The automated assessment of keratitis presented here is a simple method to quantify punctate dots in images taken at the slit lamp. This system can be generalized to complement and corroborate any clinical grading system, but as described here is specific to the investigation of scales based on punctate dot enumeration in dry eye disease. The slit lamp evaluation of keratitis specifies that the corneal surface be divided into several subregions that the investigator must estimate visually. Using quantitative digital image analysis, these regions can be extracted from the image more accurately and consistently. Furthermore, this alternative provides an effectively continuous objective scale that allows for greatly enhanced precision. 
Because staining scores are adopted as precise endpoints in Food and Drug Administration clinical trials of new drug effects, known to be quite subtle in dry eye disease, quality assessment/control protocols must be in place for both the method of staining and the method of grading staining. Digital image analysis provides a useful tool to corroborate the quality of the grading that occurs at the slit lamp, fully recognizing that the gold standard in clinical trials is clinical grading and that these automated methods serve a complementary function of quality assurance across multicenters. 

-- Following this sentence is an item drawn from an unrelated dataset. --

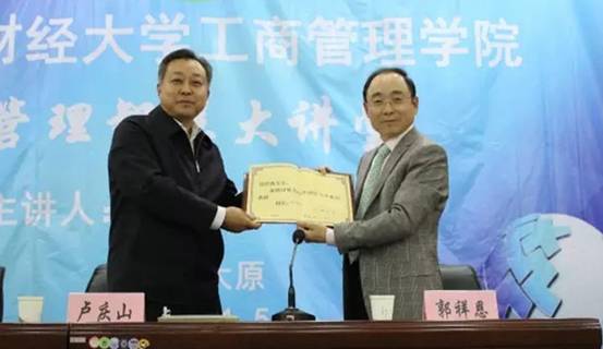 “管理智慧大讲堂”。讲座开始之前,卢庆山副校长受刘维奇校长委托,代表学校为郭祥恩校友颁发了兼职教授聘书,岗位设在东京热

The objective of the present study, therefore, was to define the statistical correlation and agreement between the dataset derived from three experienced investigators grading a series of images as they would at the slit lamp, and comparing agreement to the dataset generated by the automated software. 
Methods
Subjects
The informed consent and study protocol were approved by a properly constituted institutional review board (Alpha IRB, San Clemente, CA, USA), and the study was conducted in accordance with the ethical principles of the Declaration of Helsinki. 
Subjects had to have a history of use of artificial tear substitutes for symptoms of dry eye within the previous 6 months and a patient- or investigator- reported history of dry eye in both eyes. Subjects were excluded who had (1) any clinically significant slit lamp findings, including active blepharitis, meibomian gland dysfunction, ocular infection, or active ocular or lid margin inflammation that required therapeutic treatment; (2) worn contact lenses; (3) a history of laser-assisted in situ keratomileusis or similar type of corneal refractive surgery within 12 months before the first visit; (4) used any of the prohibited medications within the appropriate prestudy washout period; or (5) a condition that the investigator felt may have put the subject at significant risk, may have confounded study results, or may have interfered significantly with the subject's participation in the study. 
Image Capture Technique
Staining was evaluated after instillation of sodium fluorescein solution (5 μL 2% preservative-free) into the inferior conjunctival cul-de-sac of both eyes of each subject. The subject was asked to blink several times to ensure proper mixing of the fluorescein dye throughout the tear film. No rinsing step was used. Because residence time is known to influence fluorescence, all images were taken 5 minutes after fluorescein instillation. 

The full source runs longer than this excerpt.